A More Prominent Location
Like the previous 1,600 square-foot library, the new Muckleshoot Library was located on the Muckleshoot Reservation, but the new location fulfilled the promise of a more visible library with its placement on SR 164, a major transportation artery serving both Auburn and Enumclaw. Berlinda Adair (b. 1942), who was site manager for the library in the Muckleshoot Tribal Center from 1975 until her retirement in 2002, regarded the new location as "easier access than before, people can see it off the road" (Adair interview). By maintaining a location on reservation lands, yet within sight of the highway, the library could continue to serve a growing population of more than 3,600 Muckleshoot Tribe members while also serving residents of southeast King County from west of Enumclaw to a portion of southeast Auburn.
The placement of the library continued the practice of its predecessor by maintaining a close proximity to other educational centers.

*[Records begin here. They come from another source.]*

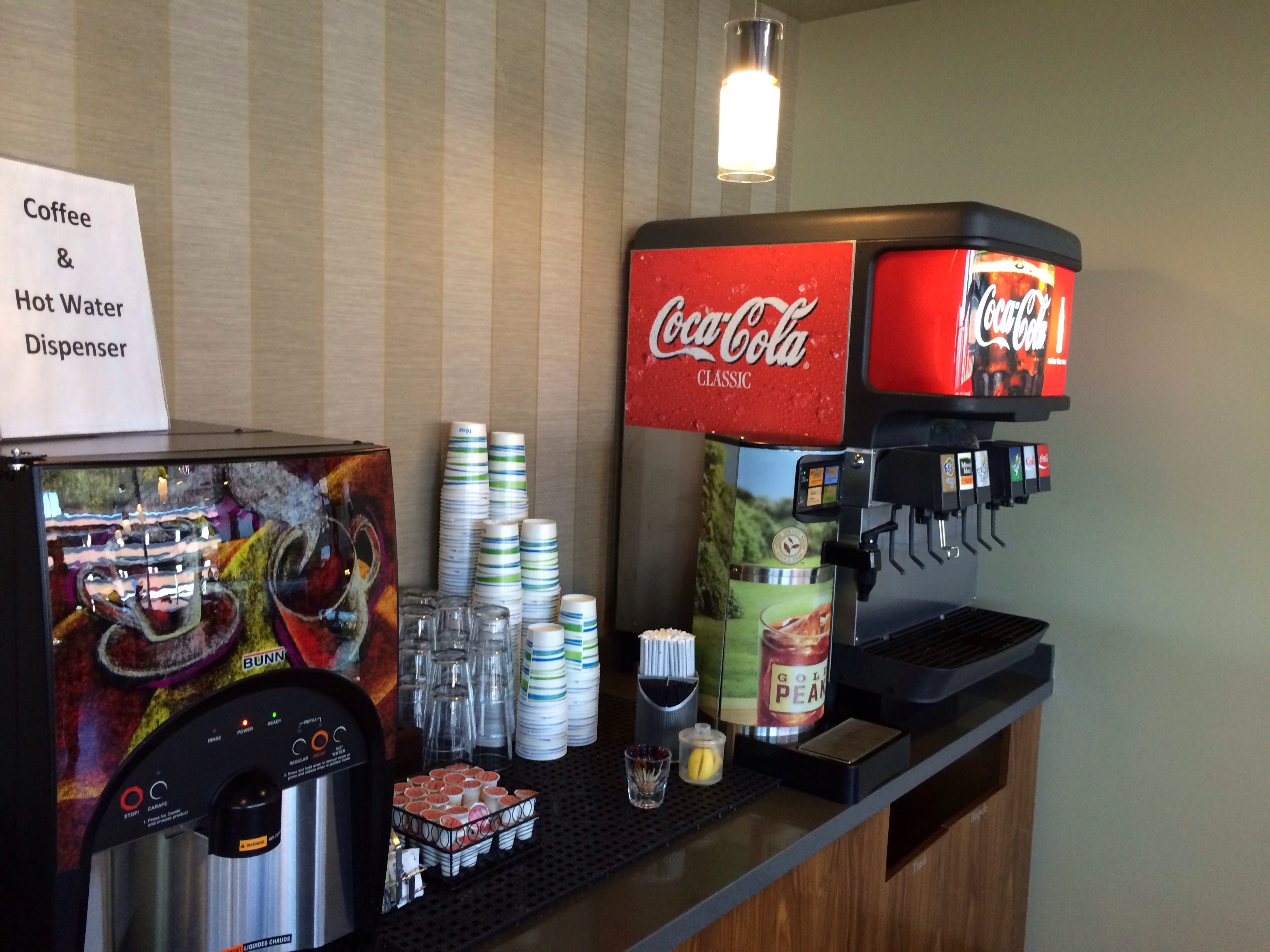 In any event the lounge was really nice, it still had that new car feel. It was light bright and airy, and had four distinct spaces to lounge in. Plus a bar area with soda fountains, ice tea fountains a bar with a pretty decent complimentary drink list and a light snack area. There were several large tv’s, a computer area to use with printers and then a work area for you to hook up your own laptop (probably about 8 stations for this). Additionally they had two showers, I didn’t check them out, but I imagine they were just as nice as the rest of the lounge.
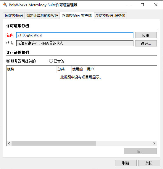 许可证服务器名称的输入:23100@localhost > 应用
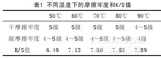 由表1可以看出在70℃后大麻织物的表面得色量K/S值相差不多,得色情况较好,摩擦牢度也较好。结合图1和表1在70℃情况下为活性黄BES的染色情况较好,与高温时相差不大,所以本着节约的原则选取70℃时对该大麻织物进行染色。
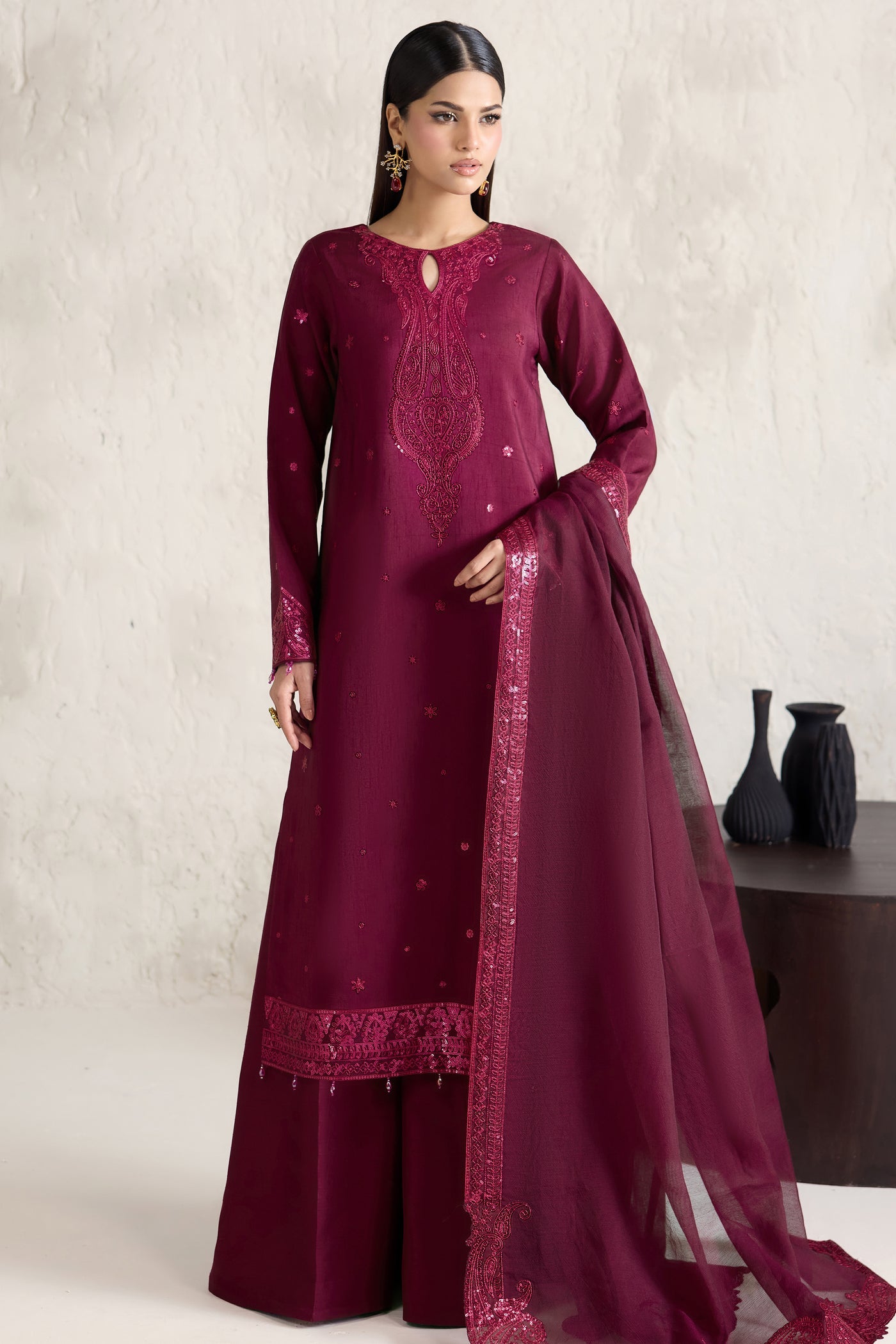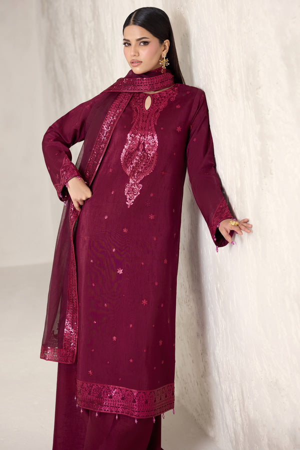 Farasha Embroidered Luxury Korean Raw Silk Unstitched 3Pc Suit - Fuchsia Glow
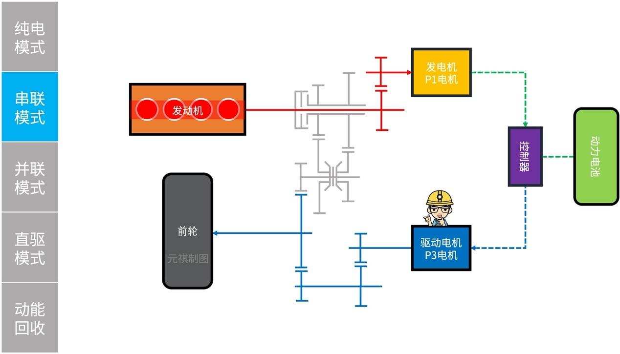 但论整套混动系统的效率,情况就发生了变化,由于「发动机」与「电机」无法脱离,在纯电行驶过程中,「行星齿轮机构」会随之转动,导致一定的动力损耗。而为了满足大的功率需求,「发动机」必须提高转速,走出最优的工作区间,最后降低了系统的燃油经济性。这就好比三个人参加拔河比赛,但其中两个人关系不好,必须有一个人调停,最后就成了两个人出力,一个人做啦啦队。
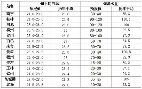 全區(qū)旬平均氣溫、旬降雨量預(yù)報(bào)如下:
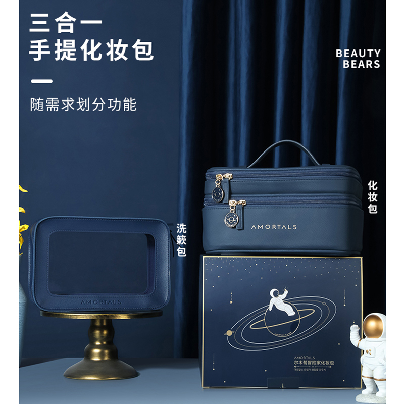 Ill Wood Risers Make-up Bag Containing Bag Wash Bag Advanced Senses Travel Carry-on Portable Super-Fire Large Capacity Woman
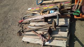 Lot #6080: (2) Levels 4', Sledge Hammer, Hand Auger & Jack Stands.
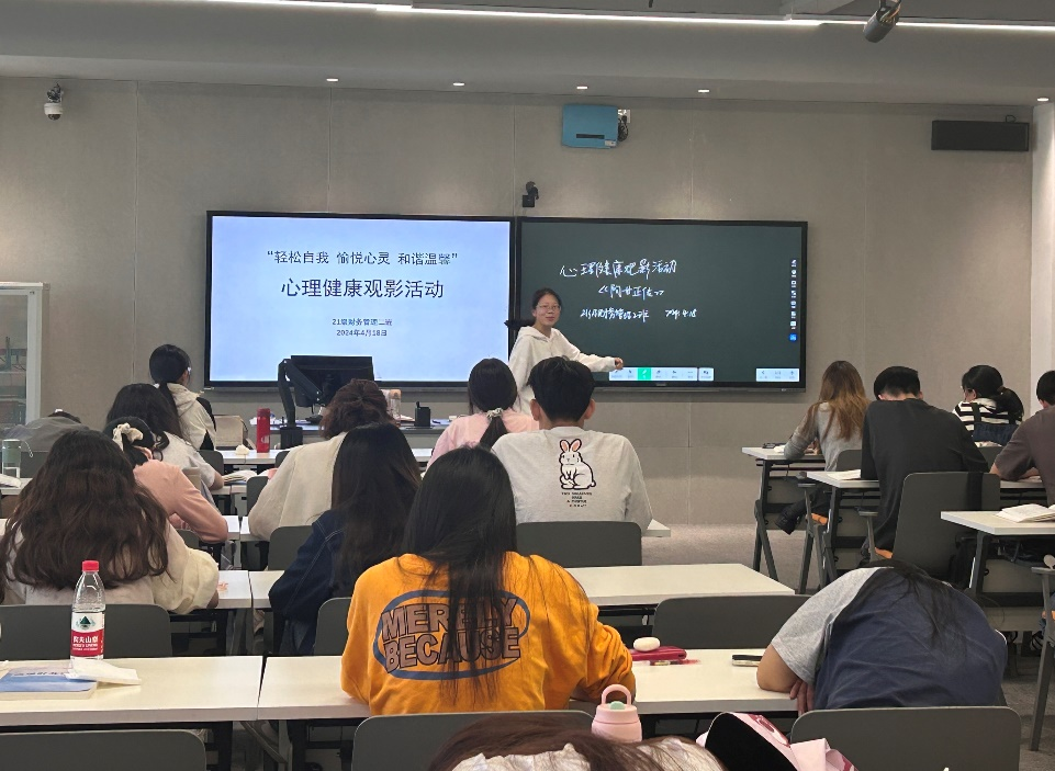4月19日上午,伟德官网21级财务管理专业二班的47名同学在北区智慧教室开展了“轻松自我 愉悦心灵 和谐温馨”心理健康观影活动,班长余楚岚主持流程。
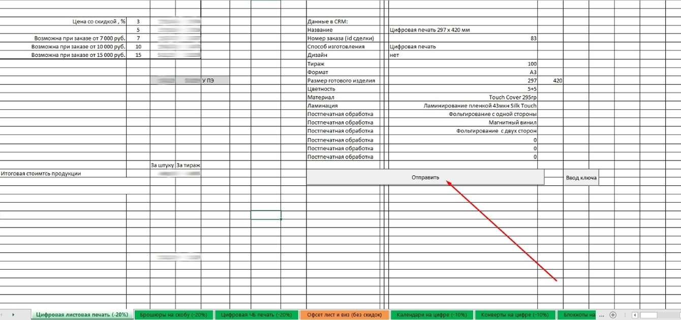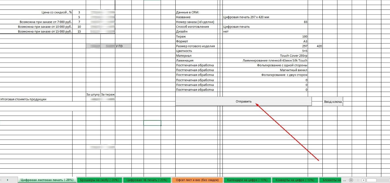 Мы автоматизировали процесс переноса данных по расчету — менеджеры, как и раньше, выполняют расчеты в уже имеющихся калькуляторах Excel и Google-таблицах, но теперь, лишь нажатием одной кнопки, все данные расчета попадают в нужную карточку заказа и производства.
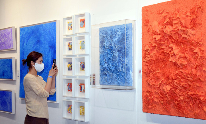 16일 서울 강남구 코엑스에서 ‘조형아트서울 2021’이 개막한 가운데 한 관람객이 전시작품을 촬영하고 있다. 19일까지 계속되는 6회 조형아트서울에는 권치규·김성복 등 국내외 작가 700여명의 조각과 설치미술, 회화 작품 2500여점이 전시된다.
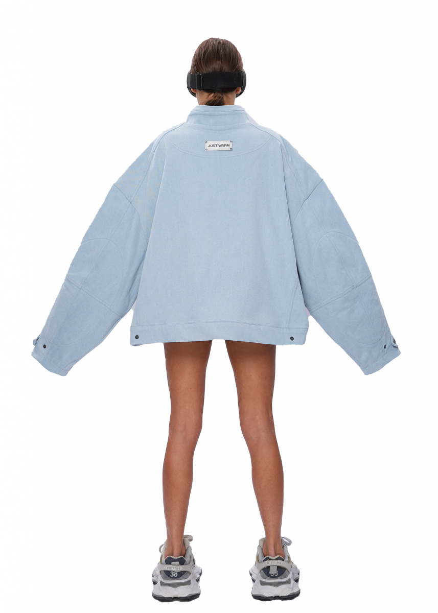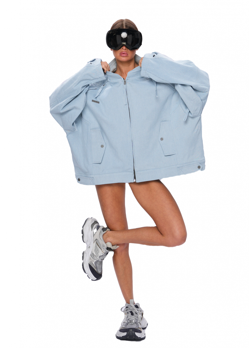 Плотный Denim сохраняет форму изделия. Укороченная длина, высокий ворот и удобные карманы формируют функциональный дизайн модели.
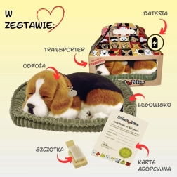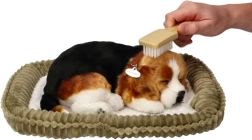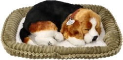Het ademende beagle-puppy Perfect Petzzz is een pluchen speeltje dat is ontworpen om een slapende hond zo waarheidsgetrouw mogelijk na te bootsen. Het rijst en daalt zachtjes alsof het ademt, en dankzij de realistische vachtkleuren en het zachte mandje wordt het een favoriet accent in zowel de kinderkamer als de woonkamer.
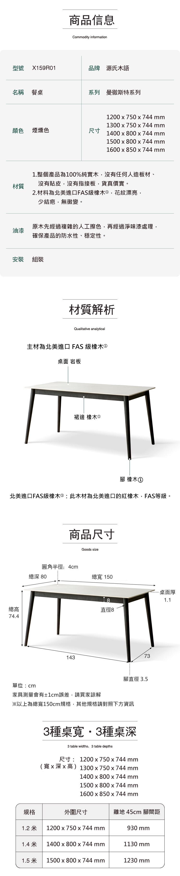 源氏木語萊可橡木煙燻色岩板餐桌1.4M X159R01
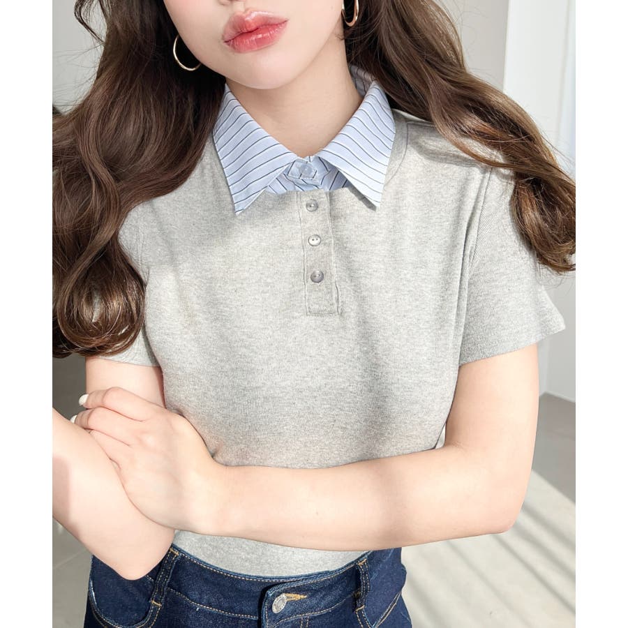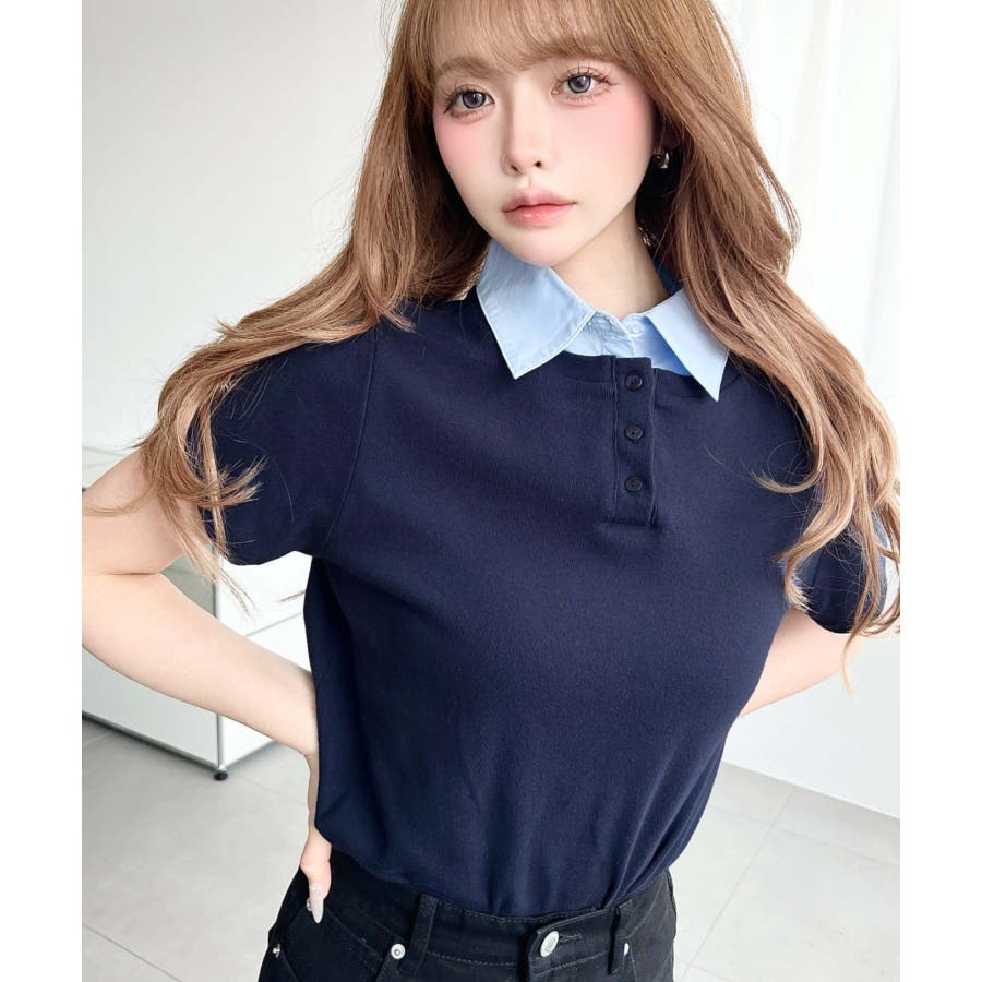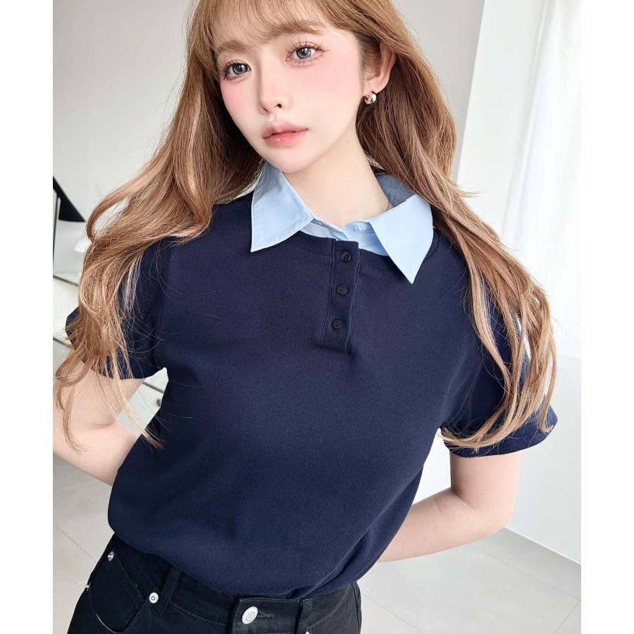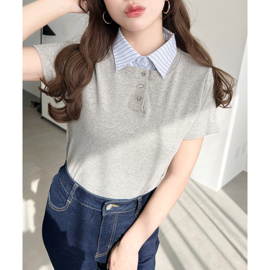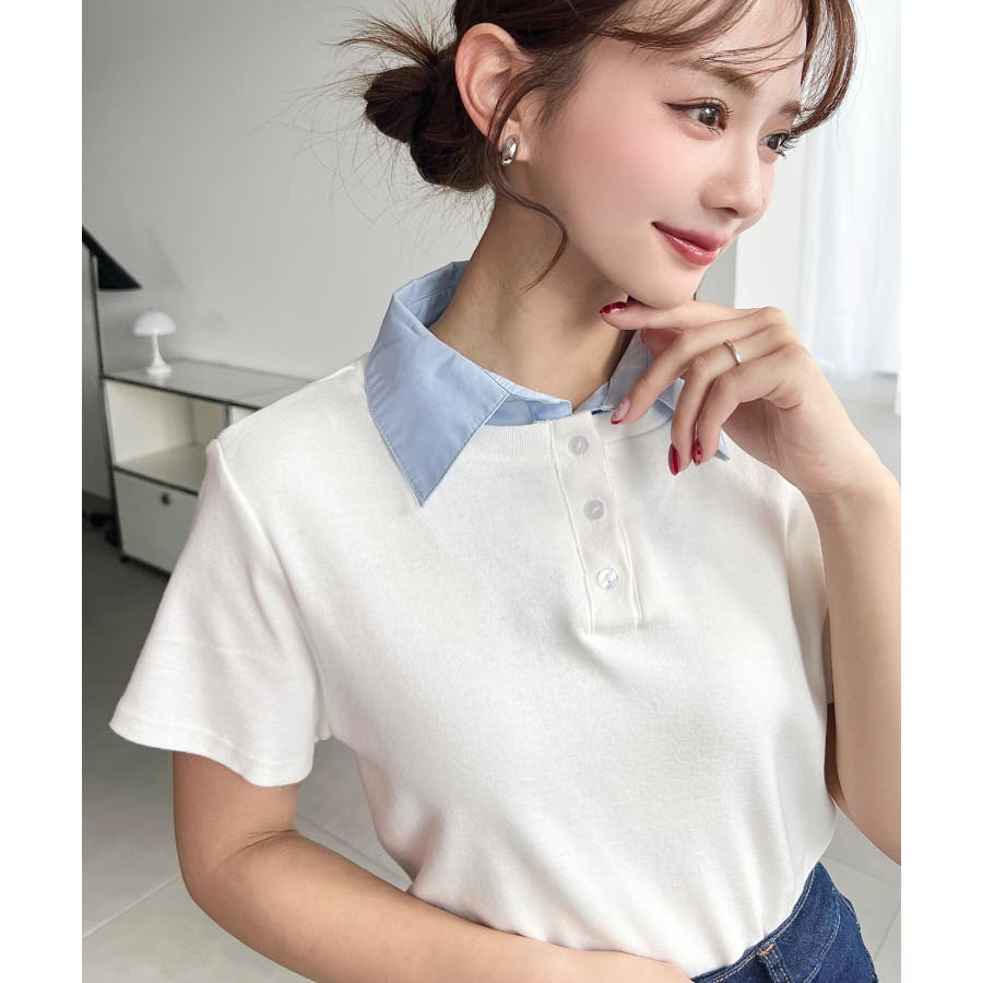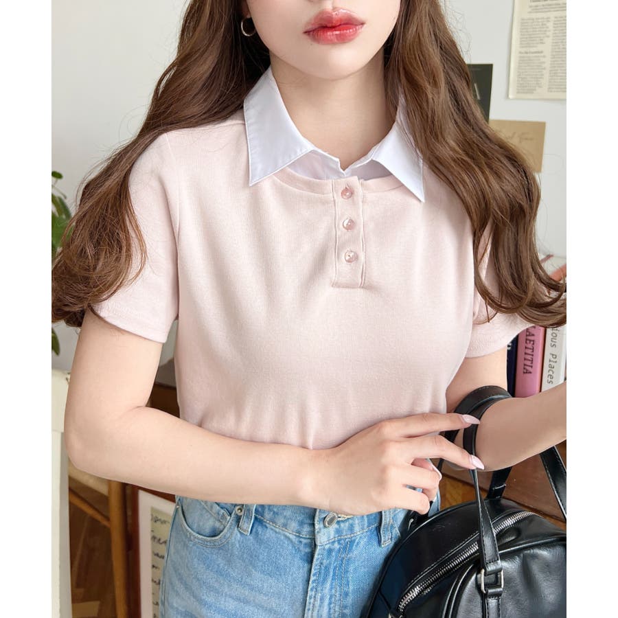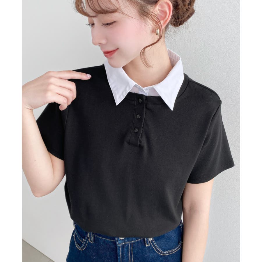 ・コーデのアクセントに首元のボタンを開けることで抜け感をプラス◎韓国系ファッションにもハマるポロカットソーです。
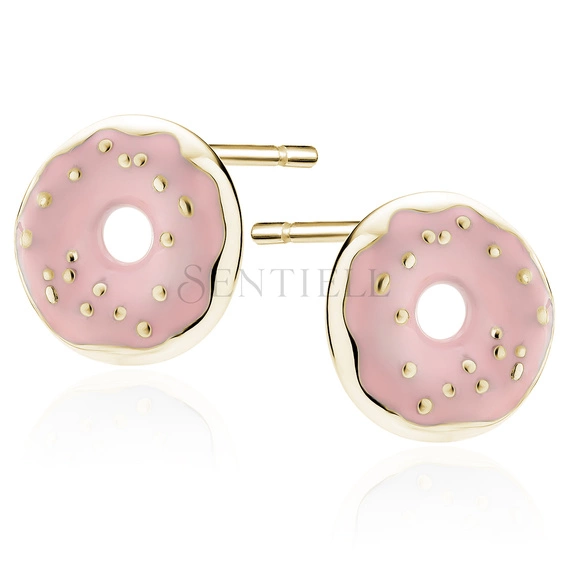 - Pendientes de plata de ley 925 chapados en oro con esmaltado tipo donut

Just as the old library was part of the Muckleshoot Tribal School on reservations lands, the new library was also located on tribal land, leased by KCLS, near the Tribal College and a new tribal school serving preschool through 12th grade students. Three other schools outside the reservation boundaries are also in the library's service area.
The new location was also significant in "the discovery of stone flakes and other evidence of Native American activity on the proposed construction site" ("Muckleshoot Library Opens ..."). Recovery of these items was coordinated between the Washington State Department of Archaeology and the Muckleshoot Tribe prior to the new library's construction, which began in August 2007 after archaeologists checked the site that May for possible additional artifacts.
The new building, which incorporated modern, energy-efficient technology and environmentally friendly materials, completed in June 2008. The main reading room featured large windows to take advantage of natural lighting. "Building green" was endorsed by KCLS not just for the Muckleshoot Library but System-wide, with "five areas targeted ...: site planning; water conservation; energy savings; recycled materials; and the air quality of the interior environment" ("Delivering on a Promise to Voters ...," 3).
Around 150 people attended the dedication ceremony for the Muckleshoot Library on Wednesday, June 25, 2008. At the dedication, Tribal Council member John Daniels Jr. noted the positive changes:
"Right now the library that we are moving from is so small that we have to travel to the Auburn or Enumclaw libraries to relax or move around. I think a lot of people are going to be happy with the size and the fact that it is modern and has some tribal artwork" ("Muckleshoot Library Opens ...").
Use of the library increased following the dedication of the new building, reflecting its popularity in the community and the increased collection, which saw the addition of 4,500 books, magazines, movies, and CDs. In the first six months after the opening, KCLS noted patron visits increased 65 percent over the same time period at the previous library location. In the new building, the library staff, assisted by a Friends of the Muckleshoot Library group that was organized in 2007, has continued to serve the needs of the reservation and the surrounding communities within its service area.